| Problem details |
Within the listing below, give again exactly the lines between the one containing "Paisley Leather Strap" and the one containing "毛穴・くすみが気になる乾燥肌の私にもピッタリ。✨フラクショナルCC ニードルマスクC 6枚入り990円(税込)", inclusive, pictures left aside.

####

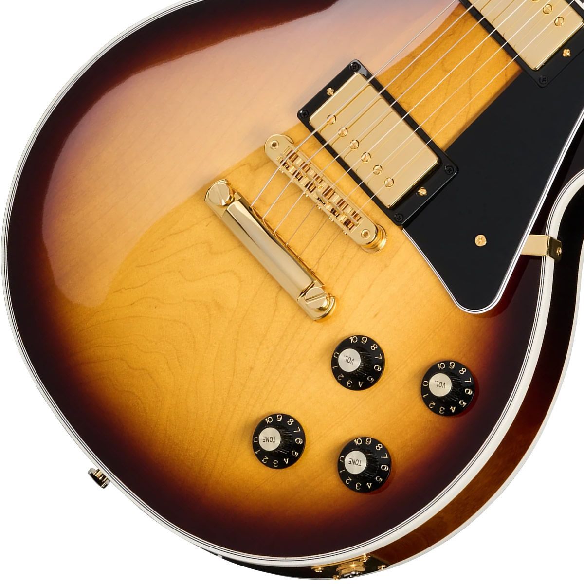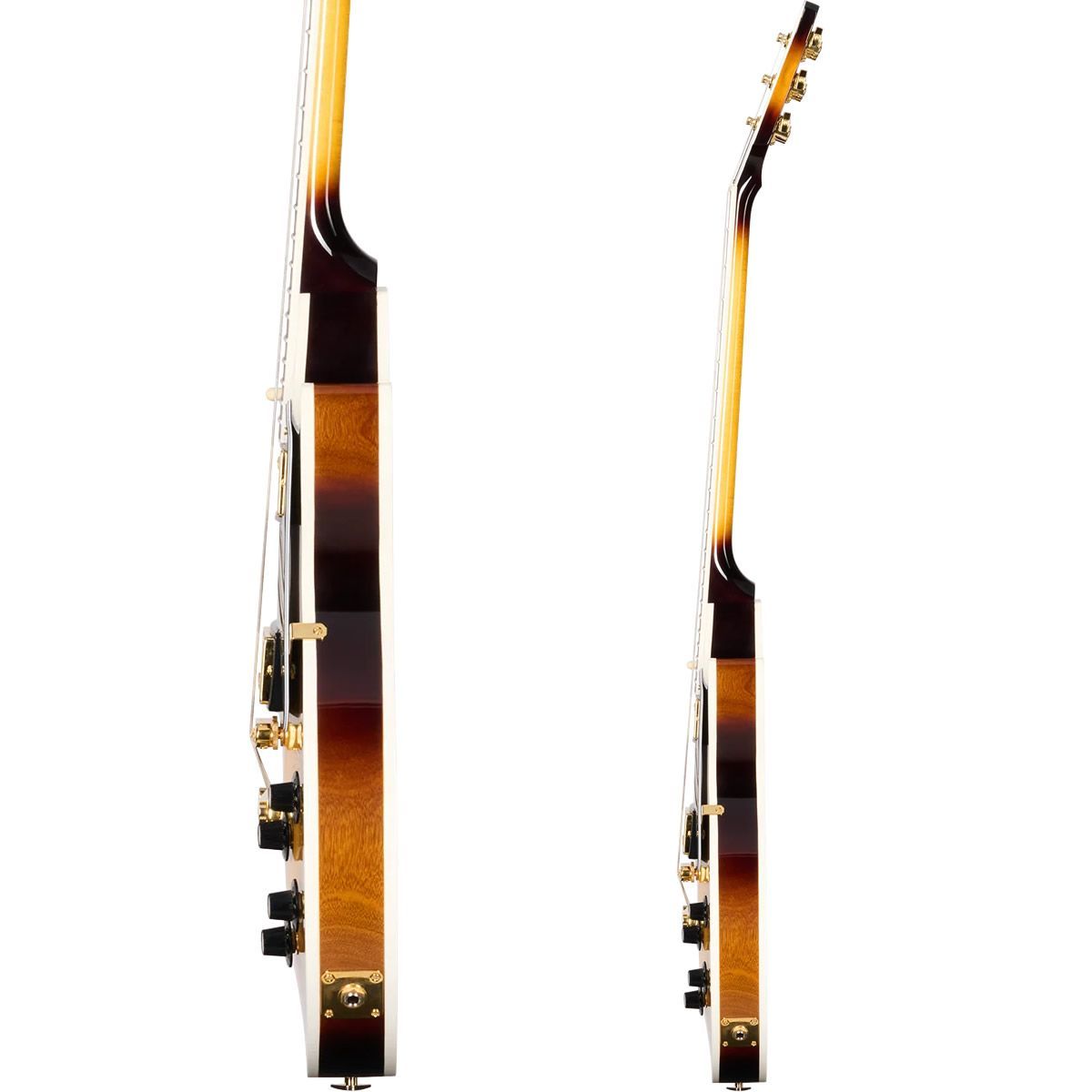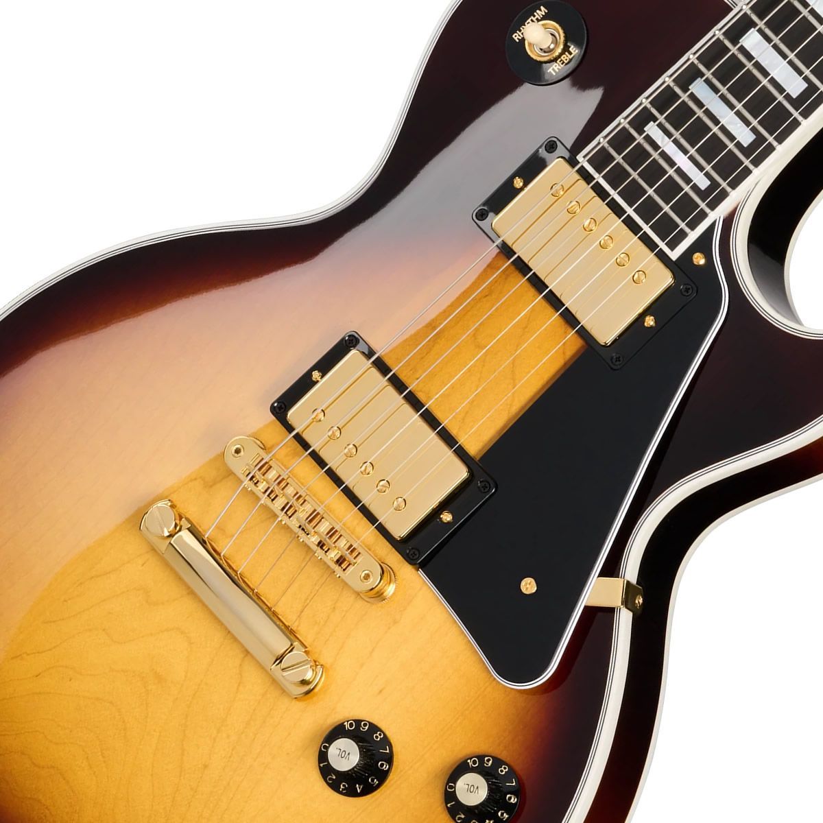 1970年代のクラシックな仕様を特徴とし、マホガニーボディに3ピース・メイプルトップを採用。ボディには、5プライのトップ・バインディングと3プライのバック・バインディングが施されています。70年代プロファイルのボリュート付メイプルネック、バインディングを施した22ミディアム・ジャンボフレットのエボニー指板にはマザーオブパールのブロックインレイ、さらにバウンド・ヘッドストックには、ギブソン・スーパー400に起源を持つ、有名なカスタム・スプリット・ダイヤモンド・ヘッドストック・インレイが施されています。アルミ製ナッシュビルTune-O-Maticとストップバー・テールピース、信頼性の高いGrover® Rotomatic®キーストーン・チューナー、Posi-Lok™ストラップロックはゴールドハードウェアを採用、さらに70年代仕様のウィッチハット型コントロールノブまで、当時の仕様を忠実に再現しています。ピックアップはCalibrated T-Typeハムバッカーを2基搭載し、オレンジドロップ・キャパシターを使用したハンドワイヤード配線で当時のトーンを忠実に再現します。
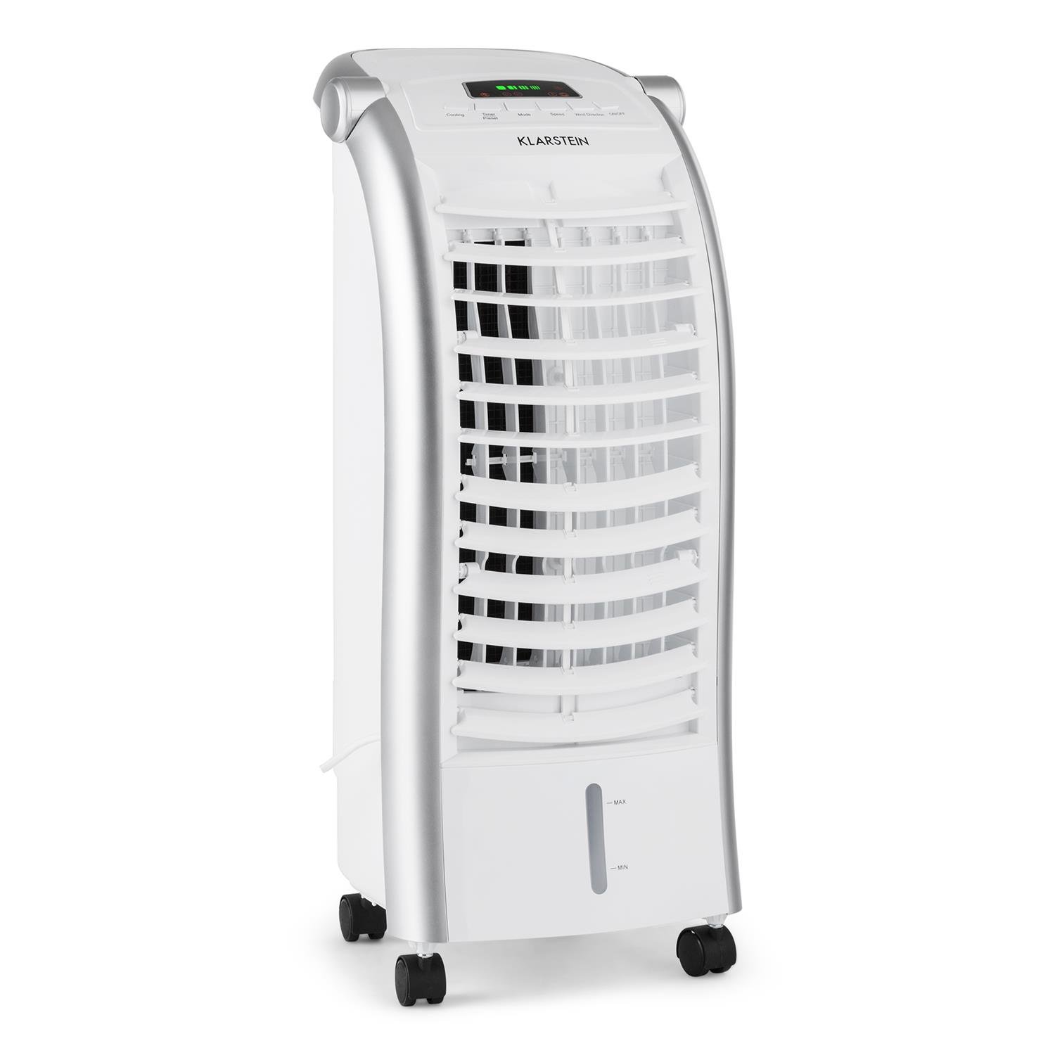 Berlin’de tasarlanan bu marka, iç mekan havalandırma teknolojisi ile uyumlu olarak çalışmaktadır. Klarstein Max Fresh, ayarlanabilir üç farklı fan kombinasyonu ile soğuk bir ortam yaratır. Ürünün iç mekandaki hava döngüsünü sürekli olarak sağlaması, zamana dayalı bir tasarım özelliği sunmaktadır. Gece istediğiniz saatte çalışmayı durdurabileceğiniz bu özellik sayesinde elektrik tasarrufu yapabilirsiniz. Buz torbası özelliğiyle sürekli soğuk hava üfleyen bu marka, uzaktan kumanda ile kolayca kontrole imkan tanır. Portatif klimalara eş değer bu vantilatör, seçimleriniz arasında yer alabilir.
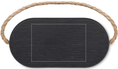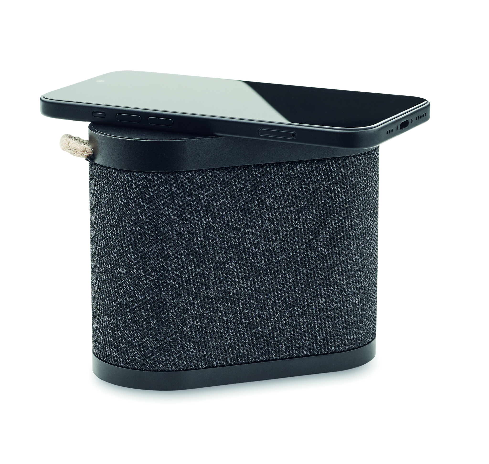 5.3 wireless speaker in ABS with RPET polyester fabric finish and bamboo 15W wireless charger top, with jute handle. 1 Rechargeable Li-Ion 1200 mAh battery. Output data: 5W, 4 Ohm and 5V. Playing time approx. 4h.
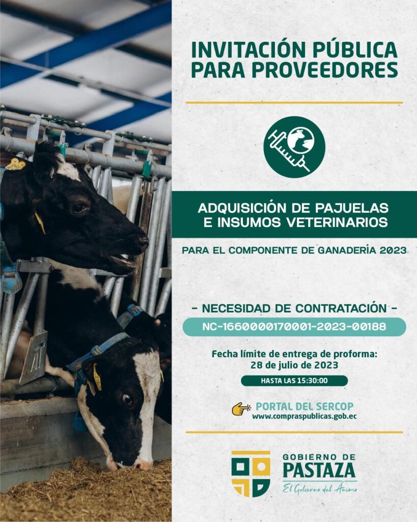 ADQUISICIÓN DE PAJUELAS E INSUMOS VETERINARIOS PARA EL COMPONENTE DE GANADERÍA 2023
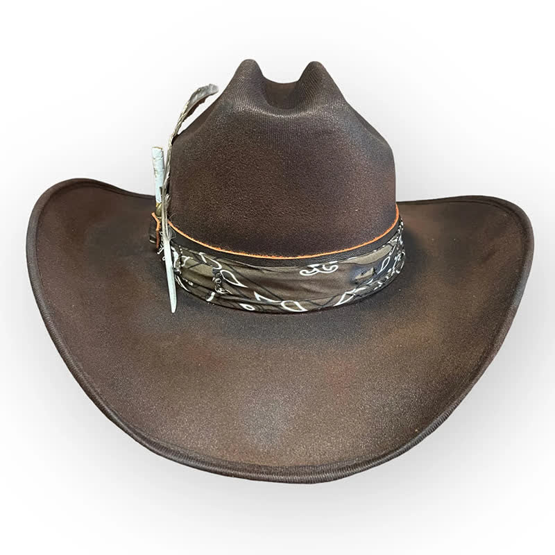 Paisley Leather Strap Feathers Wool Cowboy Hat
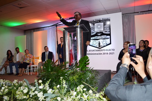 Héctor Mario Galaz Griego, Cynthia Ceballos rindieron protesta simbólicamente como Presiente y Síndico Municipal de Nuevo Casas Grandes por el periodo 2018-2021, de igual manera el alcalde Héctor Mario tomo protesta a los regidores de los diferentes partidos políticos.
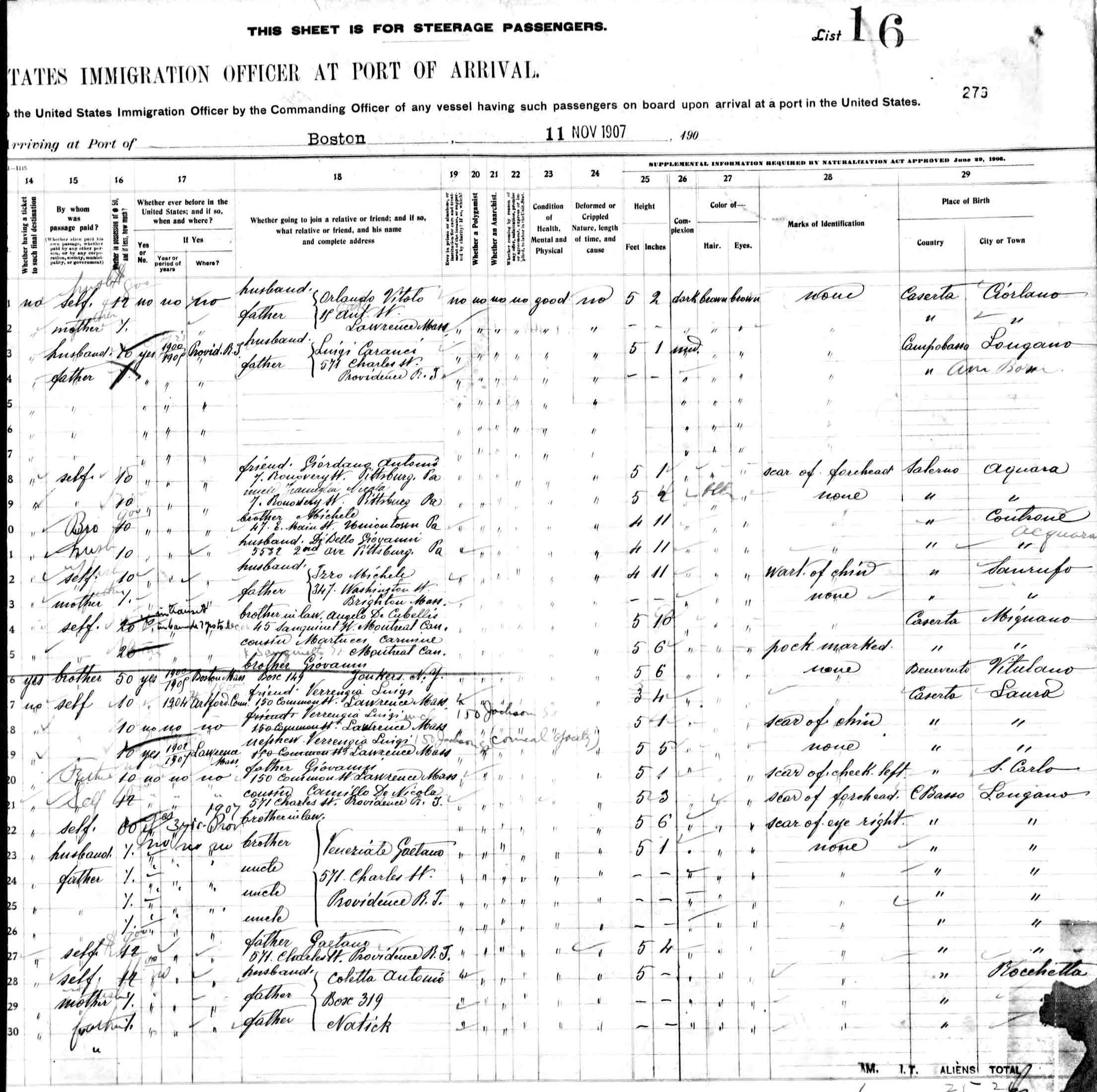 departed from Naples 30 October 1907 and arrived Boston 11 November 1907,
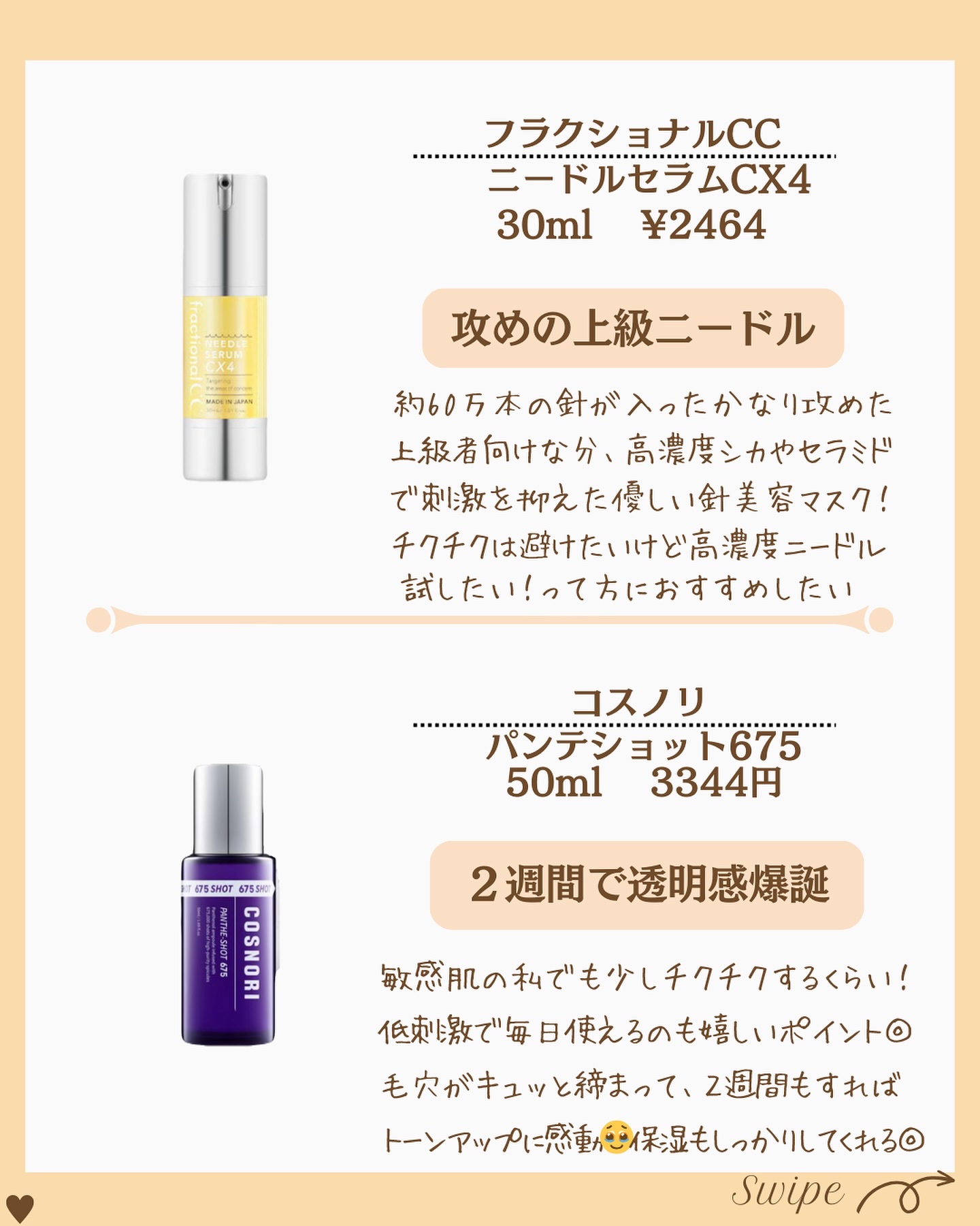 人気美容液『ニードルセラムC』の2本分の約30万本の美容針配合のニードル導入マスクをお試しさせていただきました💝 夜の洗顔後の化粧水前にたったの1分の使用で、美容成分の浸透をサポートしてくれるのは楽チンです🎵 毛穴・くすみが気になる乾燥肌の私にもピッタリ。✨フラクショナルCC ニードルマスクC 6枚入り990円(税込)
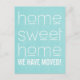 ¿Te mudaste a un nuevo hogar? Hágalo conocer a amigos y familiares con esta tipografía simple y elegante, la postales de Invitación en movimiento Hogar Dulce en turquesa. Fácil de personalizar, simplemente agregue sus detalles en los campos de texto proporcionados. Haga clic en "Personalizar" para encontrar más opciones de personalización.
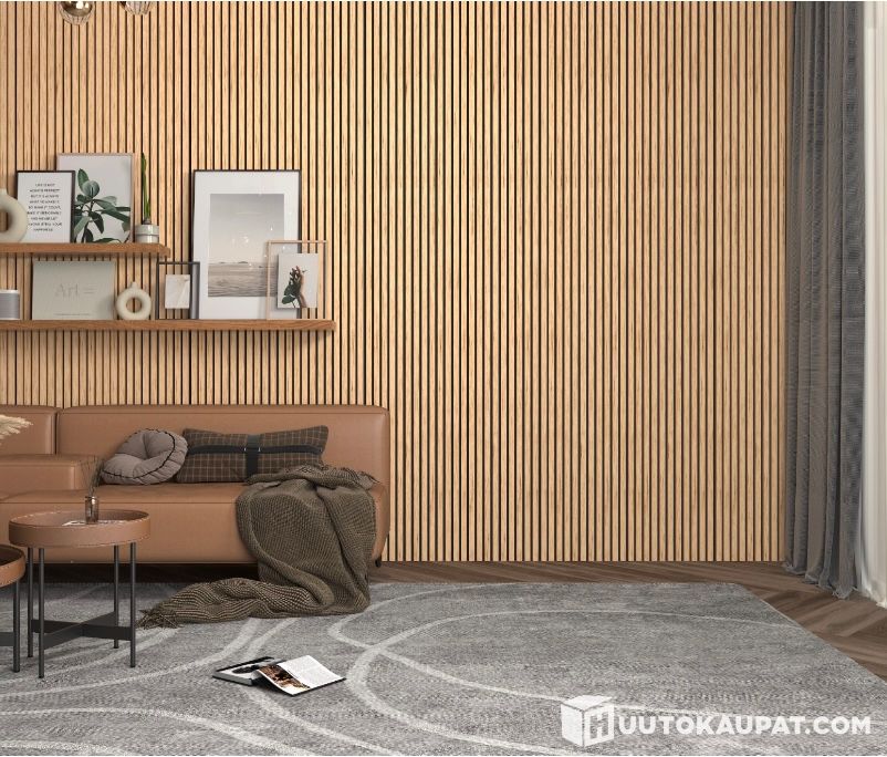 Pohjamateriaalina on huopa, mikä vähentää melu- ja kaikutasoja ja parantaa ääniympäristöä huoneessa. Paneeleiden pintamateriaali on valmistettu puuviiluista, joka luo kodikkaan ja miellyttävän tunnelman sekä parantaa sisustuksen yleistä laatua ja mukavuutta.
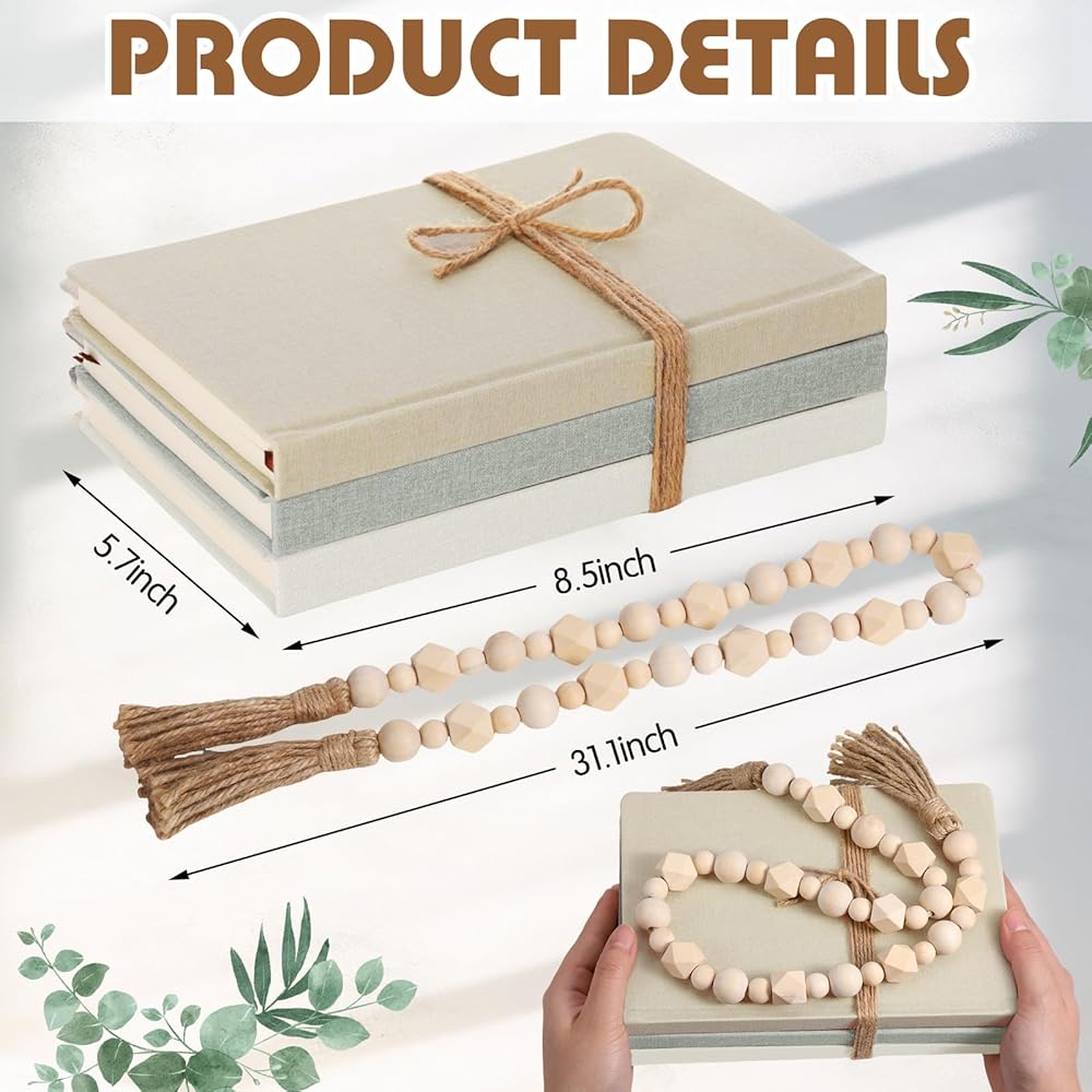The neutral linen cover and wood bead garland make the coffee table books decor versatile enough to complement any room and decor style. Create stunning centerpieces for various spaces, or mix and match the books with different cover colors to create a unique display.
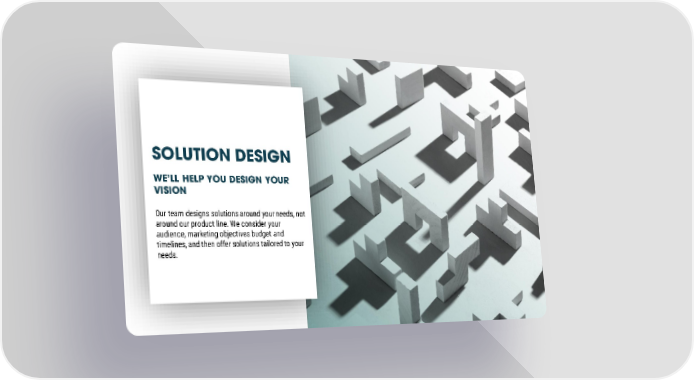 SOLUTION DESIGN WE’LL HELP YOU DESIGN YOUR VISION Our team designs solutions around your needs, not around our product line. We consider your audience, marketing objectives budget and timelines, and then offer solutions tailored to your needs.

####

| Answer |
 Paisley Leather Strap Feathers Wool Cowboy Hat
 Héctor Mario Galaz Griego, Cynthia Ceballos rindieron protesta simbólicamente como Presiente y Síndico Municipal de Nuevo Casas Grandes por el periodo 2018-2021, de igual manera el alcalde Héctor Mario tomo protesta a los regidores de los diferentes partidos políticos.
 departed from Naples 30 October 1907 and arrived Boston 11 November 1907,
 人気美容液『ニードルセラムC』の2本分の約30万本の美容針配合のニードル導入マスクをお試しさせていただきました💝 夜の洗顔後の化粧水前にたったの1分の使用で、美容成分の浸透をサポートしてくれるのは楽チンです🎵 毛穴・くすみが気になる乾燥肌の私にもピッタリ。✨フラクショナルCC ニードルマスクC 6枚入り990円(税込)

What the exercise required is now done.